Within three days of launching, the new direct life insurer 1LifeDirect had sold 100 policies. Its pitch of cutting out the broker seems to have resonated with the public and the product is well timed in terms of last year’s furore in the life industry, which highlighted the role and cost of a broker.
1LifeDirect claims it can cut premiums by 22% by going direct to the public and avoiding broker commissions.
These types of claims by other direct insurers have in the past been a bit misleading because a part of the pricing of the policy is the way the company rates a person’s risk as well as its own book.
A company that rates risk correctly and has lower claims can offer lower premiums. This is particularly true in short-term insurance, where personal experience has shown that companies such as Outsurance and Dial Direct do not always beat broker-quoted rates. Some companies may, for instance, place a higher rating on divorced people or the number of kilometres you drive each month, so it pays to shop around.
I put 1LifeDirect to the test and compared it with my current level of life, disability and dread disease cover.
The problem is that it is difficult to compare like with like. Many life companies now use either level-term or age-rated policies.
With the age-rated policy the annual premium increase is based on a person’s age. This is to their benefit when they are younger, with minimal premium increases of between 2% and 3%, but after about 10 years the premiums start to rise more dramatically.
With level-term policies, clients are guaranteed to have no premium increases for the first 10 years, but their premiums are substantially higher than age-related premiums.
In my case, the initial quote for a level-term policy was 30% higher than an age-related one with the same company.
1LifeDirect guarantees no premium increase for the first two years, after which premium increases are limited to 5% a year for the first five years.

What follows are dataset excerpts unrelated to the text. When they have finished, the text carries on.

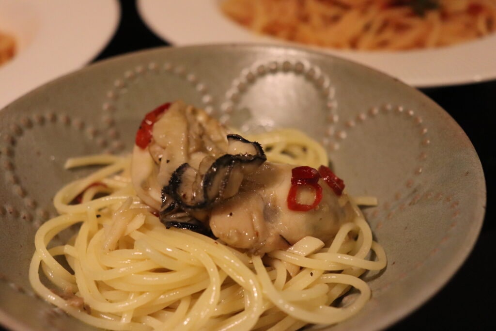 お酒のあてとして牡蠣のアヒージョを作ったのですが、パスタも食べたいー!
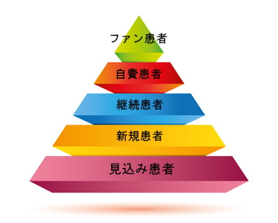 見込み患者とは、医院の存在を知っているが来院したことがない人。見込み患者が増えないと、新規患者は増えない。新規患者が増えないと、ファン患者も増えない。つまり、見込み患者を増やすことが第一条件です。
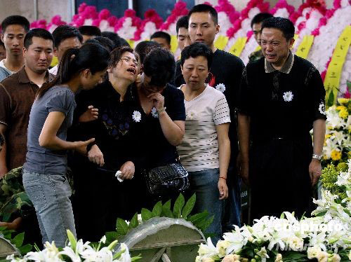 6月13日,四川大地震救援中失事直升機遇難機組人員遺體告別儀式在成都市殯儀館舉行,來自軍方及社會各界的人士紛紛前來送別英雄。圖為遇難機組人員家屬悲痛欲絕送別親人。中新社發(fā) 劉新 攝

Thereafter 1LifeDirect can increase the premium by up to 15%. This is a safety clause and in line with industry standards — for example, the level-term allows for premium increases of up to 25% after 10 years.
It is unlikely companies would actually invoke those maximums unless they wanted to see a mass exodus from their policies. They do, however, use them to adjust their customers’ policies in line with their age risk so their premium increases at this time could be substantially higher if their age risk requires it.
Having done a comparison with both age-rated and level-term quotes against 1DirectLife, the direct life insurer was 8% cheaper than my current age-rated policy (including my monthly policy fee).
Against a level-term policy, 1LifeDirect was a massive 33% lower, but remember that there is no premium increase for 10 years on level term.
Based on the fact that 1LifeDirect increases its premiums by 5% a year after year two, by year seven the two premiums would be the same. After a 10-year period, my total premiums paid to each company would be R49 800 to my current life insurer versus R45 000 to 1LifeDirect — an 11% percent difference.
Personally, 1LifeDirect would save me R25 a month or R4 700 over 10 years depending on which policy I compare it with, which is in line with my broker’s commission taken over 10 years. By going direct, however, I would not receive a needs analysis review or the assistance of my broker when making claims.
You need to make sure you know what you are buying and to decide what product will suit you best. The fact that you can get yourself insured in 20 minutes on the phone through 1LifeDirect could be of real value to you. Or, you may be someone who prefers to have a broker, as long as the additional cost is still value for money.